In the present embodiment in step 3 and the step 4 concentration of ammonia spirit be 0.05~0.5mol/L.
The catalyst that present embodiment makes, the modification aluminum trioxide catalyst of extensive use at present, then obviously improve service life; The modified carbon nano-tube catalyst experiment is reused more than 10 times, its clearance still can remain on more than 80%, and the modification aluminum trioxide catalyst is only reused 5 its catalytic activitys and just is reduced to about 50% under identical experiment condition, the catalyst use amount obviously reduces, and its consumption only is 1/100 of an alundum (Al.
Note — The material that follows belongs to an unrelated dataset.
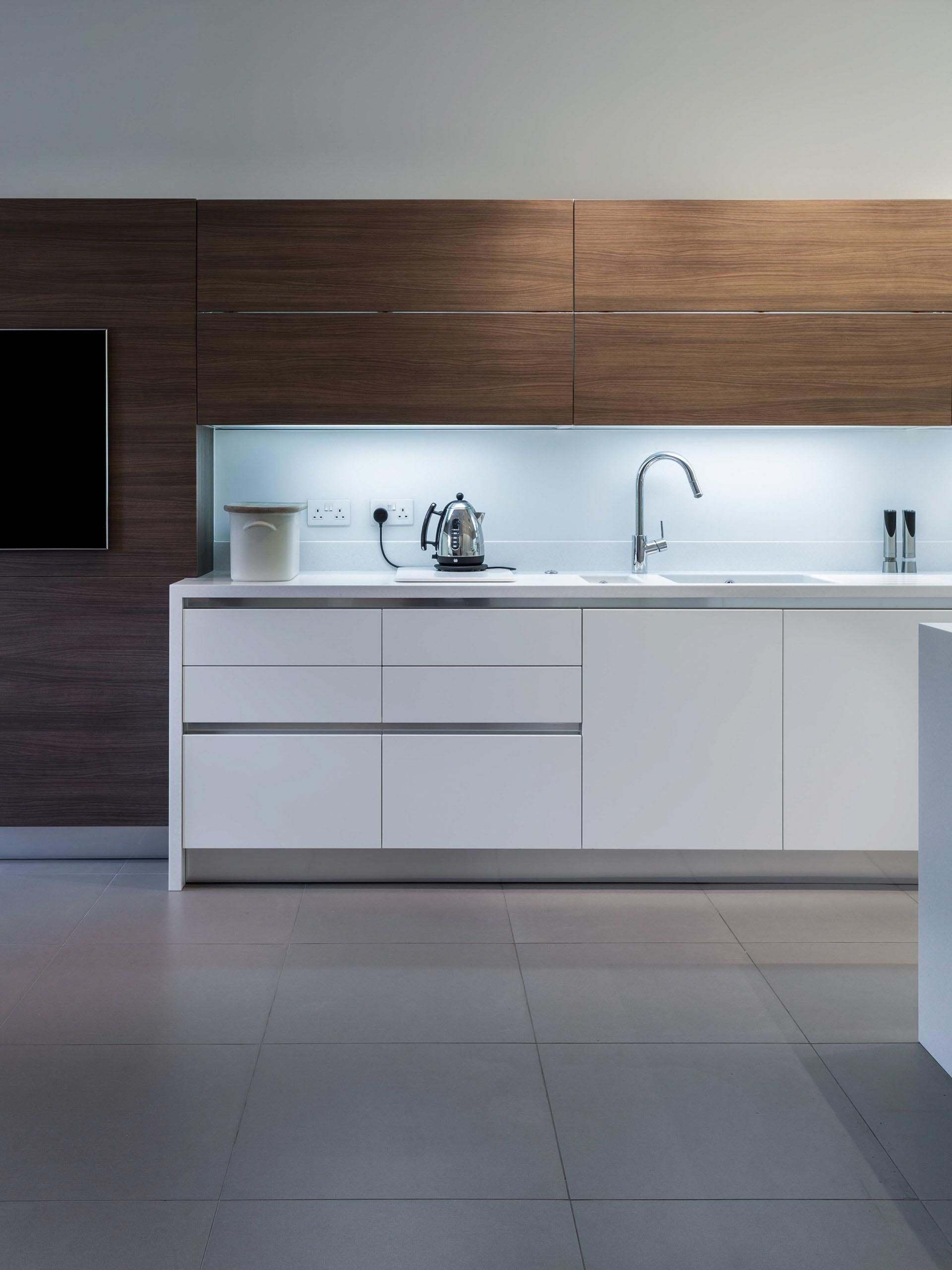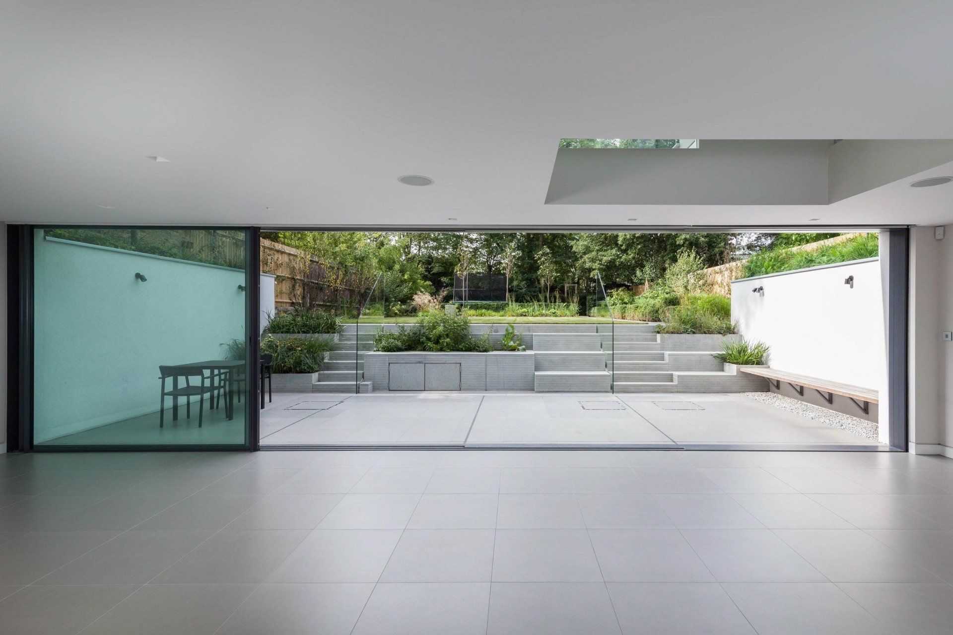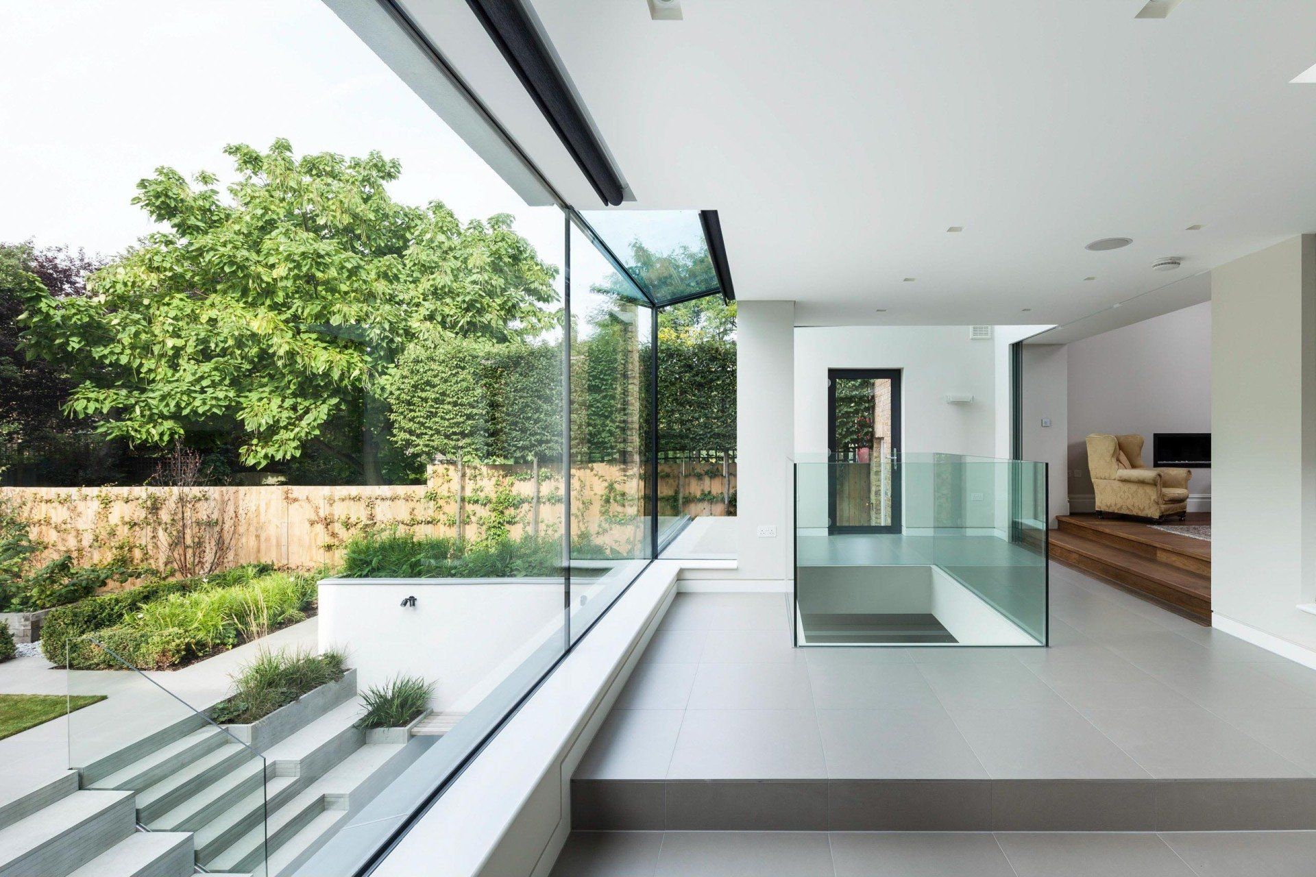 On the lower ground floor, a wall of glazing draws large amounts of natural light into what was previously an unused basement. Vertical circulation links the ground and basement level through a light well void, creating multiple views between the two space. The interior design by RDA juxtaposes the existing classical features with modern influences. To complement the rear facade, the garden has been redesigned with the re-establishing of hard and soft areas with pleached trees and additional natural features used to create private social spaces.

The specific embodiment two: what present embodiment and the specific embodiment one were different is: adopting Chinese patent application in the step 1 number is that method in 200710071862.3 the invention is carried out purification process to CNT; Wherein the method for CNT purification process is as follows: CNT be impregnated in the acid solution, and in microwave field, carry out back flow reaction, after making the acid solution boiling and keeping 15~30min, regulate microwave power and keep acid solution to be slight boiling condition, be cooled to room temperature behind reaction 15~30min, use the distilled water diluting acid solution again, leave standstill, CNT is precipitated fully, remove upper strata liquid, remaining carbon nano tube suspension water circulating pump suction filtration, washing CNT to the filtrate of dripping is neutral, oven dry.Other is identical with the specific embodiment one.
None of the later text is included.